I’m looking for advice on a clean AWX workflow design to solve this expected workflow.
- I need to create an EC2 instance (from scratch, create new EC2 from base OS AMI and then run the provisioning)
- Usually these new nodes have a curl callback request to an AWX job template in their user-data so at boot time they’ll ask AWX to configure them, this works well, but it seems impossible to integrate into a workflow. I would like it integrated into the workflow so the user knows there straight away after a few mins if the instance succeeded or not.
One workaround is to create the instance, add it (add_host) to a hardcoded group (ex: just_created as per docs) that the next task will use in its hosts: section so it only targets that, but using add_host only makes sense during the same playbook. And, and, requires me to duplicate existing initial-config playbook that itself imports multiple playbooks all with hosts: all and clone all of those just to change from hosts: all to hosts: just_created.
My idea was using the existing limit capability to:
- Start a workflow
- Workflow Node 1: Create the EC2 instance
- Wait for it to be ready
- Force a refresh of the dynamic inventory
- Set a new limit
{{ ec2.instances[0].private_ip_address }}
- Workflow Node 2: Start
initial-configwith the full inventory, but with the limit changed earlier to just the new instance’s ip{{ ec2.instances[0].private_ip_address }}- This would allow me to use the existing
initial-configwithout any changes at all, as if it would have been initiated by the callback, but inside the AWX workflow, providing the final result to the user at the end.
- This would allow me to use the existing
I understand that apparently the limit cannot be changed dynamically during the workflow execution, but I wonder what would be the recommended way to approach this while avoiding refactoring all the existing playbooks that have their own values for the host: parameter.

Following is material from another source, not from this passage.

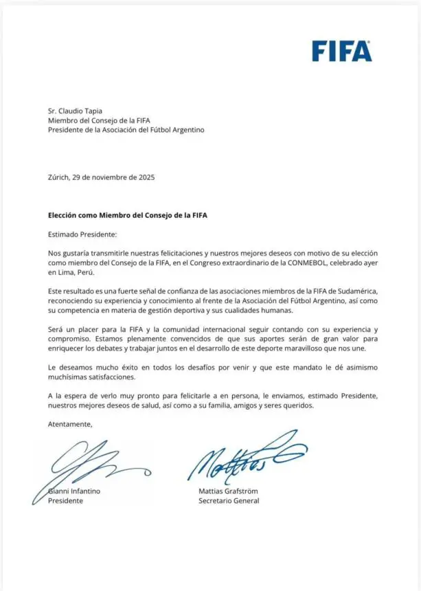 Pasó algo más: las diez asociaciones del fútbol de Sudamérica que conforman la CONMEBOL eligieron a Tapia como su representante ante la FIFA, lugar que durante décadas ocupó Brasil. Como si fuese una coreografía planificada, Gianni Infantino envió una carta de reconocimiento por eso. La nota puede ser leída como un mensaje de la cúpula de la FIFA al Gobierno argentino. Un dato más: tampoco habría dado resultado la gestión para lograr una foto entre Milei y Lionel Scaloni.

I also see as I tested that I cannot have the workflow or job started with a limit of just_created (that would be non-existent or empty and error out), have a 1st task that creates the ec2 instance (delegate_to: localhost), a 2nd one that calls add_host (this can’t be delegated I think it means it runs on the controller), and finally the rest of the playbook using hosts: just_created targeting only the new instance.
Could I have a just_created group with some kind of dummy entry so I could run (delegate_to: localhost) the ec2 instance creation, and on the next step have add_host somehow replacing that dummy entry with the new instance?
I’m going in circles unable to find a solution that could even work. I’m looking for something that’s “AWX idiomatic” and second if possible avoids duplicating existing playbooks or is difficult to understand.
I’m leaning into the “looks impossible currently” mindset and accepting that the current situation of creating the instance in one playbook with a cloud-init user-data that has the curl callback to AWX to self-initiate the provisioning is the best workaround currently. But it leads to decoupled job runs that may require more complex error checking, is not as simple as having a new workflow node running on-failure that just terminates (kills) the instance that failed to provision.
Any ideas?